Electric fields led to generating Joule heating and increasing the temperature of the electrolyte. Increasing the temperature of the fluid could change the properties of the fluid and arose the electrochemical reactions inside the channel [38]. In the case of using obstacles and dividing the inlets into the two main channels, the lower potential was applied to the electrodes. Thus, the lower amplitude of the applied voltage minimized the destructive effects of Joule heating. It can be found that particles could separate without adverse effects such as joule heating while the value of voltage is equal to 6 V and − 6 V for (1,3,5) electrodes and (2,4). The maximum temperature (ΔT) raises in the microfluidic device is calculated by [39]

$$\Delta T = \frac{{\sigma_{{\text{m}}} V_{{}}^{2} }}{{16k_{{\text{m}}} }}$$

where V is the applied voltage, V = \(\surd 2\)  × V_rms, k_m = 0.6 J m⁻¹ s⁻¹ k⁻¹ is the thermal conductivity and σ_m is the electrical conductivity of the liquid medium. In this study, ΔT = 0.2 °C is calculated. Increasing the number of electrodes could increase the area which experienced DEP force. Accordingly, it is possible to decrease the magnitude of the voltage in separation devices by more electrodes. 21.25 s after introducing the first cells into branch A, particles exited from the outlets. Fabrication of two main channels halved the performance time in comparison to the one channel devices.

5 Conclusion

Different platforms have been designed for continuous separation of MDA-MB231 cells from red blood cells using a label-free and negative AC dielectrophoresis force at 10 kHz.

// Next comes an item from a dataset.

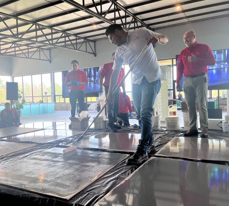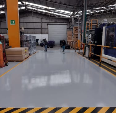 Diseñamos y mejoramos los pisos de concreto en superficies normativas y durables con productos especializados; Pisos Epoxicos, Uretanos cementicios, Poliuretanos y Acrilicos para naves, plantas y centros logísticos, considerando cargas reales, tráfico intenso y operaciónes futuras.
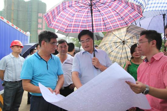 8月8日下午,武漢市副市長張光清一行十余人,冒雨來到常青北路污水泵站視察工程進展情況,武漢市建委、地產、城投及東西湖區水務局副局長朱傳彪等相關負責人陪同視察。

Separation devices take the advantages of sidewall electrodes along with obstacles inside the channels to generate non-uniform electric fields over entire channels. A combination of drag and DEP force deflect cells to specific outlets. Designing two main channels not only reduced the separation times but also increased the regions experienced dielectrophoresis force and facilitate the process. Series of numerical simulations were performed to survey the distribution of electric fields and velocity flow. Meanwhile, a microchannel with the best separation performance was chosen and several different voltages were applied to investigate the Joule heating effect. Further, separation efficiency and purity were calculated for these different voltages.

It is worth to note that the combination of DEP and passive methods will be analyzed in our future work. These two methods are able to increase the efficiency of the device and to decrease the separation time. The presented platform can pave the way for a fast diagnosis of CTCs from normal blood cells.